**REQUIRED ACTION:** Without changing a character, return the entries, but not the images they hold.

**ENTRIES PROVIDED:**
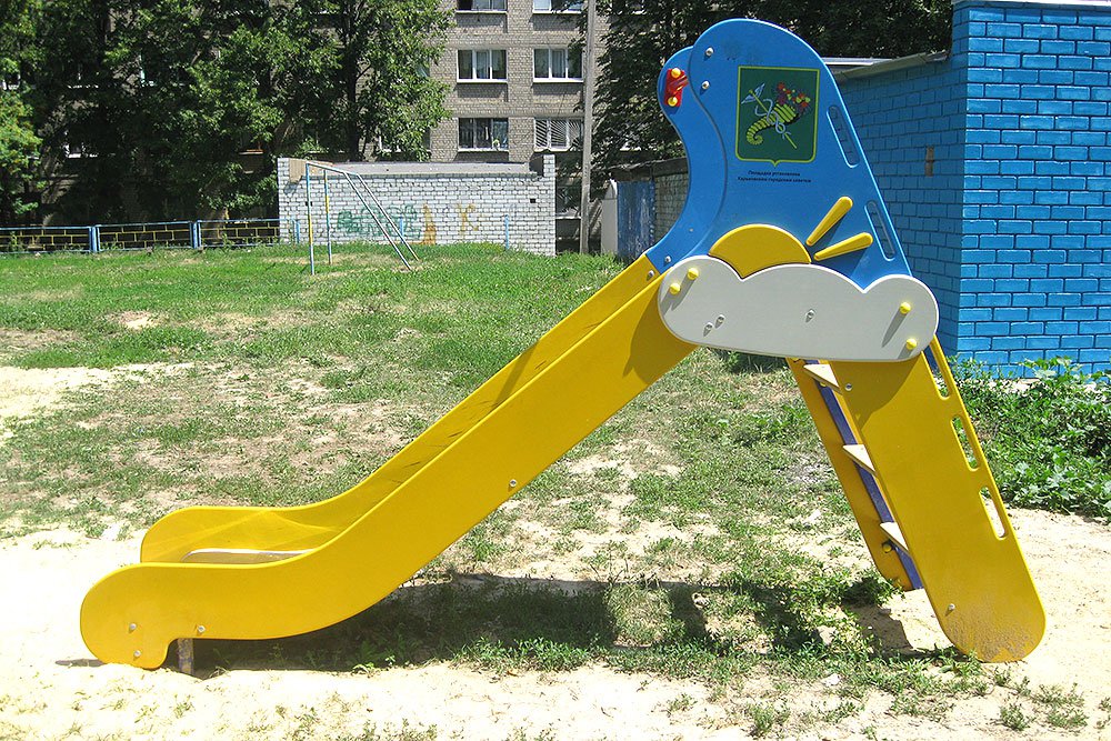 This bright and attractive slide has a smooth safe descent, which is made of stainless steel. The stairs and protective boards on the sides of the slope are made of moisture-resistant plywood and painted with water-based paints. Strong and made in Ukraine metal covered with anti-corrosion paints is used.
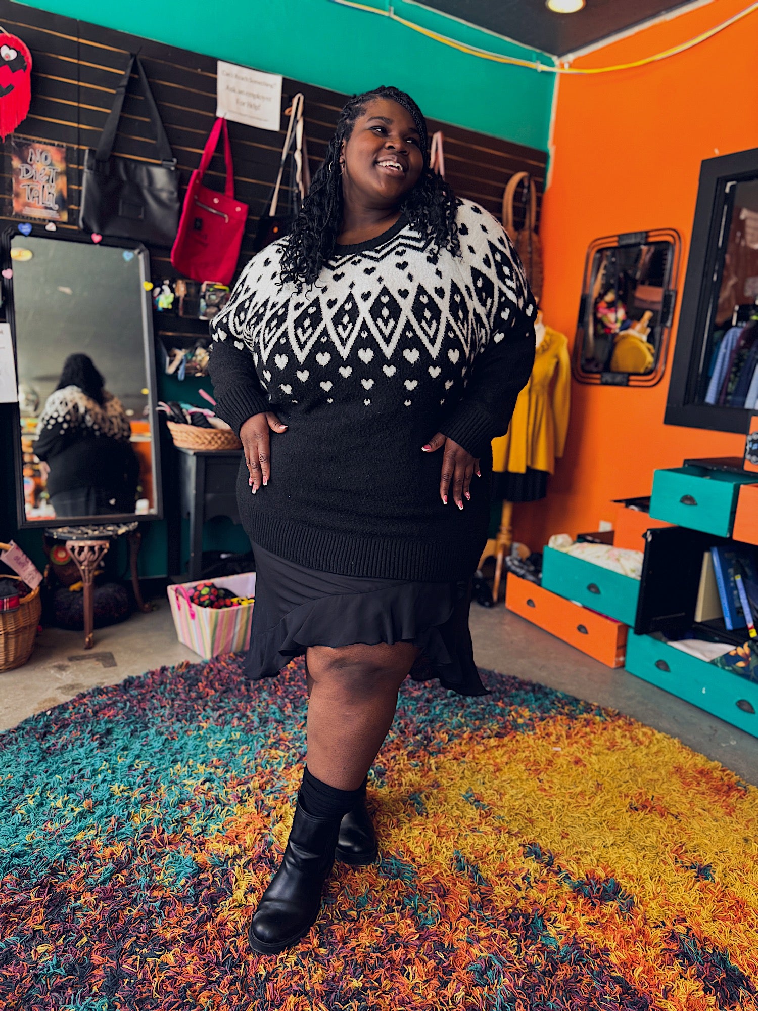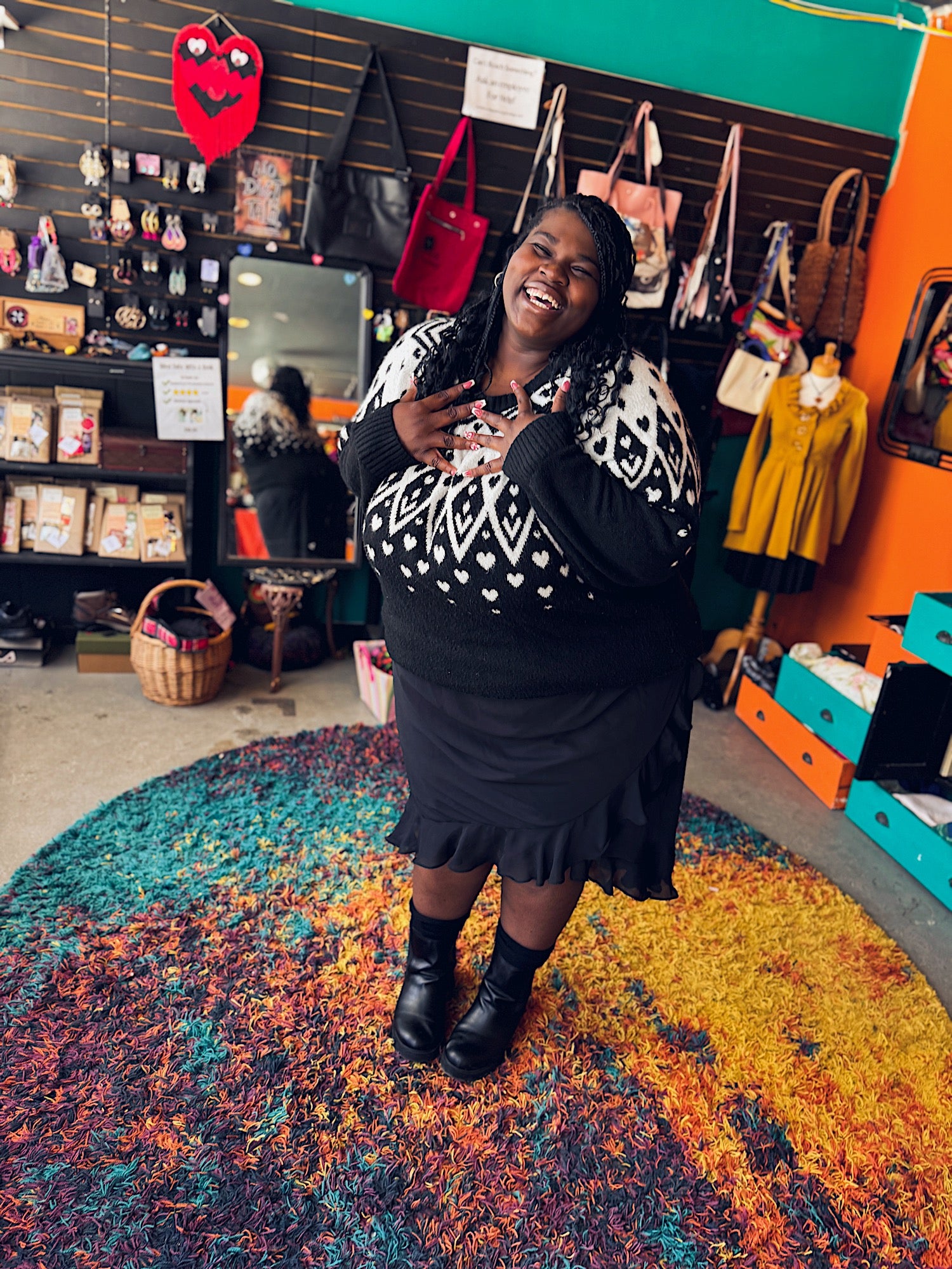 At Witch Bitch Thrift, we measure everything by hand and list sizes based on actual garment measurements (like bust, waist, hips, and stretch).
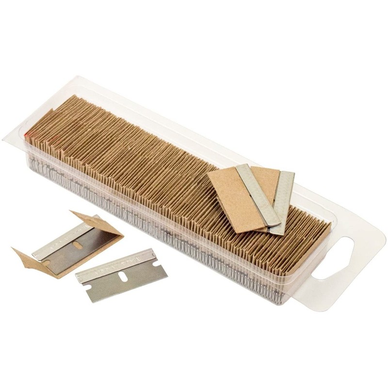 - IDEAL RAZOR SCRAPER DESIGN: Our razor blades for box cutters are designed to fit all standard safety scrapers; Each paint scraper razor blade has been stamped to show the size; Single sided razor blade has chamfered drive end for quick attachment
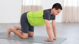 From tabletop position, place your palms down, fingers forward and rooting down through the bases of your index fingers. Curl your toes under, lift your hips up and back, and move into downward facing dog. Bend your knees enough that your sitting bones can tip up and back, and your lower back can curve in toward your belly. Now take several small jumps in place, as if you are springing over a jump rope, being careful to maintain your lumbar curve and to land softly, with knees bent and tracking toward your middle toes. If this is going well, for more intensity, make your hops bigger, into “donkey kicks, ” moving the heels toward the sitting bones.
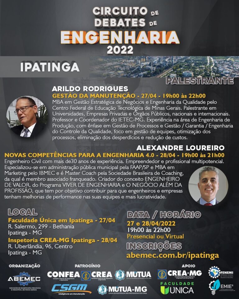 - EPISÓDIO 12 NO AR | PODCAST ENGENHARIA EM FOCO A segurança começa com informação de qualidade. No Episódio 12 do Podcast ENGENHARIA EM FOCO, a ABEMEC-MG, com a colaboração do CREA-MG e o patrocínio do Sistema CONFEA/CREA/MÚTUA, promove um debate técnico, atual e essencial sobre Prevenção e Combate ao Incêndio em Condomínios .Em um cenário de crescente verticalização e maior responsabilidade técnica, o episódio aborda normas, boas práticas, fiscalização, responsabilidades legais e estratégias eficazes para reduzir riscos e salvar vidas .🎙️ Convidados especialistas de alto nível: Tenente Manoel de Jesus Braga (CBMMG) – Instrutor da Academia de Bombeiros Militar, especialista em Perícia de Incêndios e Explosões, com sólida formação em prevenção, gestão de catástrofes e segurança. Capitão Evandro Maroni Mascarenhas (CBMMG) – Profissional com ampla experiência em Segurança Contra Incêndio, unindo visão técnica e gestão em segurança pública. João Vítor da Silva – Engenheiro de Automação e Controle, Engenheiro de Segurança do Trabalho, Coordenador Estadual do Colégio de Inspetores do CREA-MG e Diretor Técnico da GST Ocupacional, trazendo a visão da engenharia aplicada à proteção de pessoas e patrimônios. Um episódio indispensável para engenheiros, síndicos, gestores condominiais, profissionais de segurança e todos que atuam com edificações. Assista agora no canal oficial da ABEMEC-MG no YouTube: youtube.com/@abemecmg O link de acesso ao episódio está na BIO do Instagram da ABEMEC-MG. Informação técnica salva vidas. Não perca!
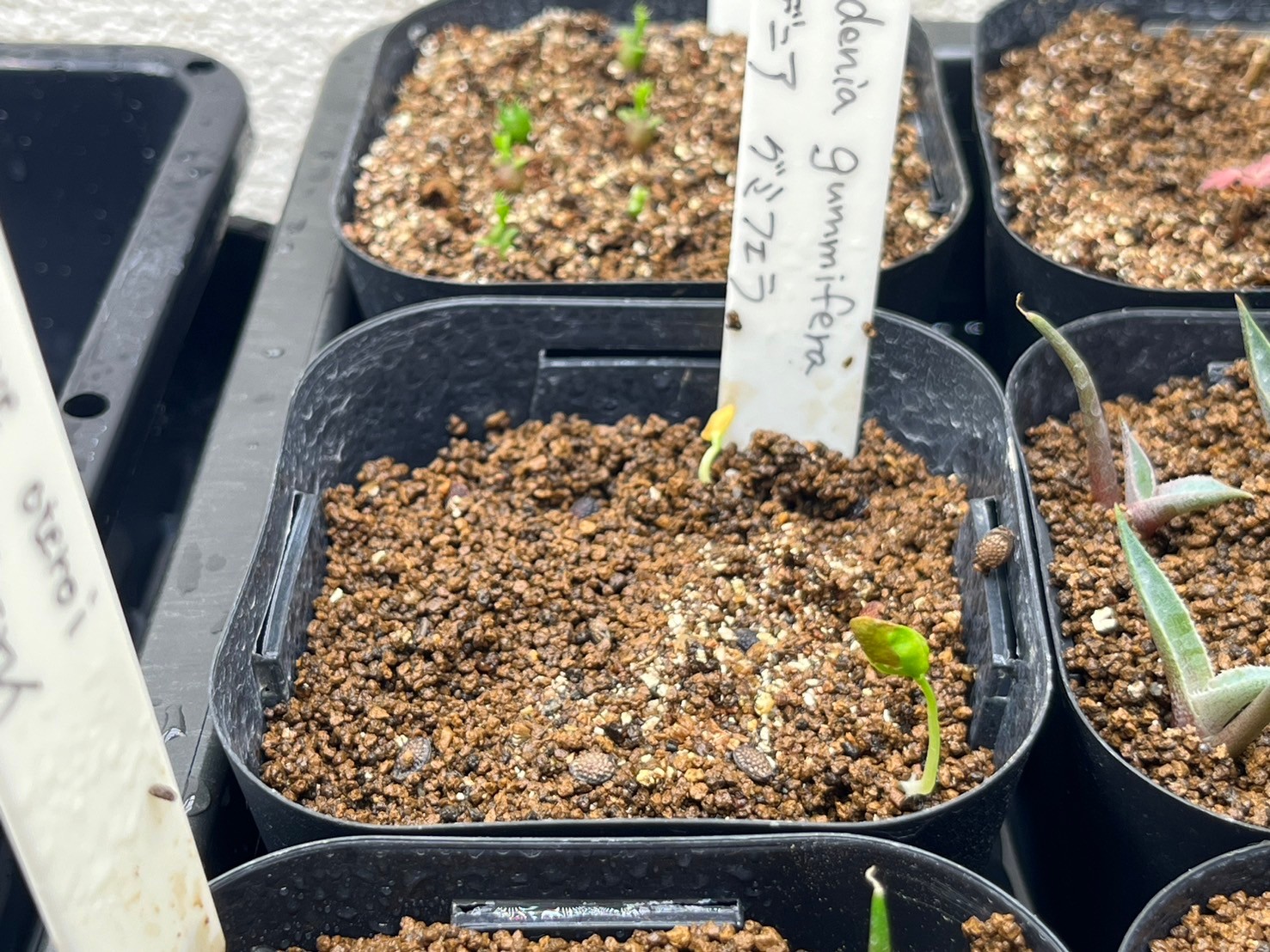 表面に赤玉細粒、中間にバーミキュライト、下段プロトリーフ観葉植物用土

**RESPONSE BELOW:**
 This bright and attractive slide has a smooth safe descent, which is made of stainless steel. The stairs and protective boards on the sides of the slope are made of moisture-resistant plywood and painted with water-based paints. Strong and made in Ukraine metal covered with anti-corrosion paints is used.
 At Witch Bitch Thrift, we measure everything by hand and list sizes based on actual garment measurements (like bust, waist, hips, and stretch).
 - IDEAL RAZOR SCRAPER DESIGN: Our razor blades for box cutters are designed to fit all standard safety scrapers; Each paint scraper razor blade has been stamped to show the size; Single sided razor blade has chamfered drive end for quick attachment
 From tabletop position, place your palms down, fingers forward and rooting down through the bases of your index fingers. Curl your toes under, lift your hips up and back, and move into downward facing dog. Bend your knees enough that your sitting bones can tip up and back, and your lower back can curve in toward your belly. Now take several small jumps in place, as if you are springing over a jump rope, being careful to maintain your lumbar curve and to land softly, with knees bent and tracking toward your middle toes. If this is going well, for more intensity, make your hops bigger, into “donkey kicks, ” moving the heels toward the sitting bones.
 - EPISÓDIO 12 NO AR | PODCAST ENGENHARIA EM FOCO A segurança começa com informação de qualidade. No Episódio 12 do Podcast ENGENHARIA EM FOCO, a ABEMEC-MG, com a colaboração do CREA-MG e o patrocínio do Sistema CONFEA/CREA/MÚTUA, promove um debate técnico, atual e essencial sobre Prevenção e Combate ao Incêndio em Condomínios .Em um cenário de crescente verticalização e maior responsabilidade técnica, o episódio aborda normas, boas práticas, fiscalização, responsabilidades legais e estratégias eficazes para reduzir riscos e salvar vidas .🎙️ Convidados especialistas de alto nível: Tenente Manoel de Jesus Braga (CBMMG) – Instrutor da Academia de Bombeiros Militar, especialista em Perícia de Incêndios e Explosões, com sólida formação em prevenção, gestão de catástrofes e segurança. Capitão Evandro Maroni Mascarenhas (CBMMG) – Profissional com ampla experiência em Segurança Contra Incêndio, unindo visão técnica e gestão em segurança pública. João Vítor da Silva – Engenheiro de Automação e Controle, Engenheiro de Segurança do Trabalho, Coordenador Estadual do Colégio de Inspetores do CREA-MG e Diretor Técnico da GST Ocupacional, trazendo a visão da engenharia aplicada à proteção de pessoas e patrimônios. Um episódio indispensável para engenheiros, síndicos, gestores condominiais, profissionais de segurança e todos que atuam com edificações. Assista agora no canal oficial da ABEMEC-MG no YouTube: youtube.com/@abemecmg O link de acesso ao episódio está na BIO do Instagram da ABEMEC-MG. Informação técnica salva vidas. Não perca!
 表面に赤玉細粒、中間にバーミキュライト、下段プロトリーフ観葉植物用土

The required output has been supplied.